No :latest. Manifests in OpenShift / Docker runtime never reference mutable tags. The hosted repo’s Allow redeploy = false setting backs this up at the Nexus layer.

Jenkins computes the tag once at the start of the pipeline and writes it to the build’s archived evidence, so a downstream system knows which immutable tag was the build’s output even if multiple builds raced.

Push flow

# Minimum env (set per build job)
IMAGE_REGISTRY=app-registry.apps.sub.comptech-lab.com
IMAGE_REPOSITORY=smoke/readiness-probe
IMAGE_TAG=build-$(date -u +%Y%m%d-%H%M%S)
IMAGE_REF="$IMAGE_REGISTRY/$IMAGE_REPOSITORY:$IMAGE_TAG"

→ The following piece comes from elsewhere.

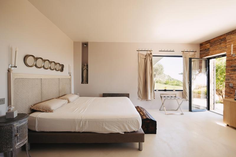 Slaapkamer 2 is voorzien van twee éénpersoonsbedden (2x90x200), welke tegen elkaar aangeschoven kunnen worden, en een en-suite badkamer (bad/douche en toilet). Vanuit deze slaapkamer heeft u ook toegang tot een privé terras en ook deze kamer biedt een fraai zicht op de tuin en Middellandse Zee.

# Login (credentials from Jenkins credential store nexus-jenkinsbot, fed via env)
printf '%s' "$NEXUS_PASSWORD" | podman login "$IMAGE_REGISTRY" \
  --username "$NEXUS_USER" \
  --password-stdin
unset NEXUS_PASSWORD

# Build (out of scope for this page; typically `podman build` with --pull on docker-group.*)
podman build -t "$IMAGE_REF" .

# Scan (Trivy via client/server mode; see Trivy integration page)
trivy image \
  --server "https://trivy.apps.sub.comptech-lab.com" \
  --token "$TRIVY_SERVER_TOKEN" \
  --severity HIGH,CRITICAL \
  --exit-code 1 \
  "$IMAGE_REF"

# Push
podman push "$IMAGE_REF"

# Record digest into delivery evidence
IMAGE_DIGEST="$(podman inspect --format '{{ index .Digest }}' "$IMAGE_REF")"
echo "$IMAGE_DIGEST" > evidence/image-digest

The shape of the actual Jenkinsfile is in examples/jenkins/Jenkinsfile.nexus-app in the opp-full-plat workspace.

Pull flow

From `docker-runtime-vm`

The docker-runtime-deploy wrapper on the runtime VM (run as the docker-deploy user via narrow sudo) takes an app name and a desired image reference, pulls the immutable tag from app-registry, runs the equivalent of docker compose up -d, captures a release snapshot for rollback, and updates the health file.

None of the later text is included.